Most of us escape as soon as we reach the tender age of eighteen. Those of us who are less fortunate stay home throughout our college years and are manipulated into staying even longer under the pretense that we're needed. Don't fall for it. Get out while you can because there are 10 reasons why you can not live with your parent when you're 30.
- When you arrive home and go up to your room, you expect everything to be where you left it. Instead of the organized mess you left, you open your door to a clean room where nothing can be found. When questioned, everyone seems to have amnesia.
- Your mom finds it impertinent to go through the diary you'd stopped writing in when you were sixteen - demanding to know who “Dante” is.
- 6am you wake up to shower and find all of the personal hygiene items that were there last night are gone and strange new brands are pleasantly arranged on your shelf. Hmm, must be your imagination.
- Your dad insists on a routine inspection of your room to ensure you aren't doing or selling drugs.
- Your mother decides to give your boss a call after you come home with a headache insisting that he lighten your workload. It couldn't possibly be her making you sick.

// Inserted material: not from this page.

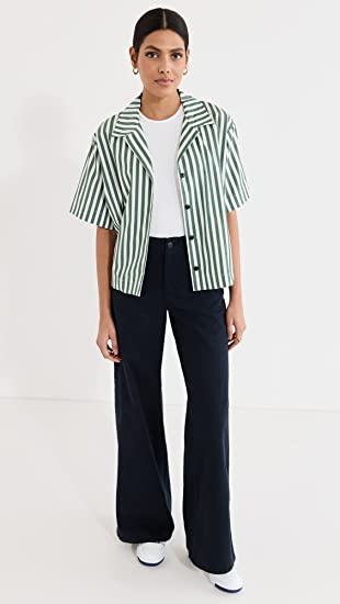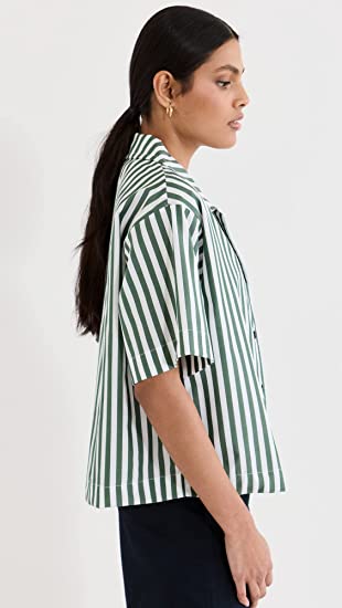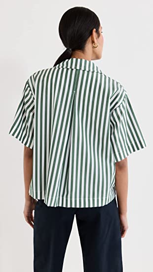 The Rag & Bone Reed Stripe Shirt Green Stripe is a gorgeous cotton poplin shirt. Featuring stripes throughout with an open spread collar, button closure, inverted box pleat at back yoke and a logo-engraved black hardware.

- Every once in a while you find yourself with a boyfriend and you let him “sleepover”. He snores loudly when he sleeps and your mom hears him from across the hall. She knocks on your door reminding you that “your father does not allow men in your room.”
- As if you're 15 all over again, your dad interrogates every man that comes to pick you up for a date, telling him that you're a virgin and you had better still be one when he brings you home.
- A letter comes, clearly addressed to you but your mom thinks so long as her last name is on it, it's ok for her to open . She is shocked to find that it's a creative love letter  and demands to know if you're still a virgin.
- If you aren't home 30 minutes after you get off work, they call your phone every 15 minutes to see where you are because you couldn't possibly be out …enjoying yourself without them.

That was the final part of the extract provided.